The following trends affecting tax revenues in European countries including Estonia:
- The popularity of self-employment is increasing, and this is reducing receipts of labour taxes, especially social tax.
- Labour taxes are becoming less able to fill the state coffers as the working age population diminishes and automation increases.
- Widening inequality of assets is increasing dissatisfaction in society, which is increasingly expressed in obstruction of economic reforms and of major projects, holding back long-term economic growth and tax receipts.
- The climate crisis and the European Union’s green transition are increasing the role of environmental taxes in tax receipts, but the revenue received from them will decline as emissions decline.
- New digital solutions in tax administration through real-time taxation are reducing the administrative burden and the need for auditing. Offsetting taxation against benefits, by reducing individual income tax liabilities by the amount due in state benefits for example, could substantially cut the administrative expenses of the state.
These trends lead to several questions about tax policy:
- Is it reasonable in the longer perspective to tax income from work differently to other sources of income?
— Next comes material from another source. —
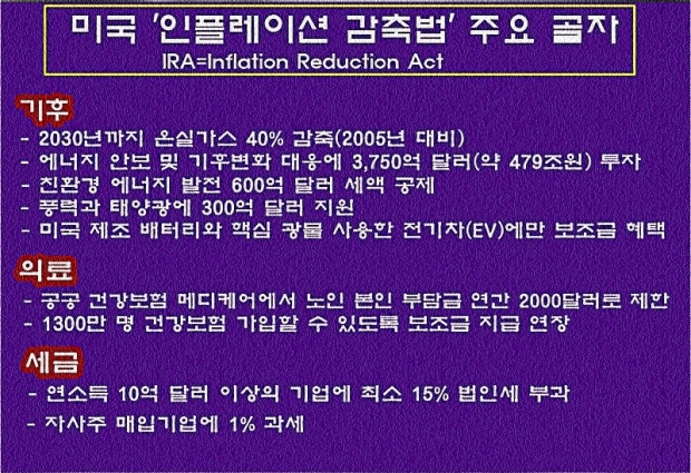 이 법안은 기후변화 대응 차원에서 오는 2030년까지 온실가스 배출을 2005년 대비 40% 감축 목표 달성을 위해 3천750억 달러를 투입하도록 했고, 특히 전기자동차(EV) 보급 확대를 위해 일정 요건을 갖춘 중고차에 최대 4천 달러, 신차에 최대 7천 500 달러의 세액 공제를 해주는 내용이 포함돼 있다. 미국 내에서 제조되지 못한 EV는 이러한 혜택을 보지 못하게 돼 있어, 한국의 전기자동차 미국 수출에 상당한 영향을 미칠 것으로 보인다.

- Should property taxes be a more important source of tax revenue than previously, given new ways of accounting for assets such as blockchain technology, and international efforts to promote information exchange and increase the transparency of taxation?
- How can the negative effects of high environmental taxes on people’s livelihoods and the competitiveness of businesses be mitigated?
- How can new, more future-proof tax bases be found? Will data be taxed in future, as they are one of the main resources in the economy of the future and using them can have harmful side effects? Or should robots and artificial intelligence solutions be taxed, given that they will create the value in the economy of the future that was previously created by human labour?
Comparison of the Estonian tax structure and those of other European Union countries:
- Consumption taxes play a larger role in the Estonian tax revenues than they do on average in Europe, providing 42% of tax revenues in Estonia in 2019 and 28% in the European Union on average.
- The tax burden on labour in Estonia is similar to the European Union average.
- Taxes on capital are a much smaller share of tax revenues in Estonia. Estonia taxes capital at one third of the average level of the European Union.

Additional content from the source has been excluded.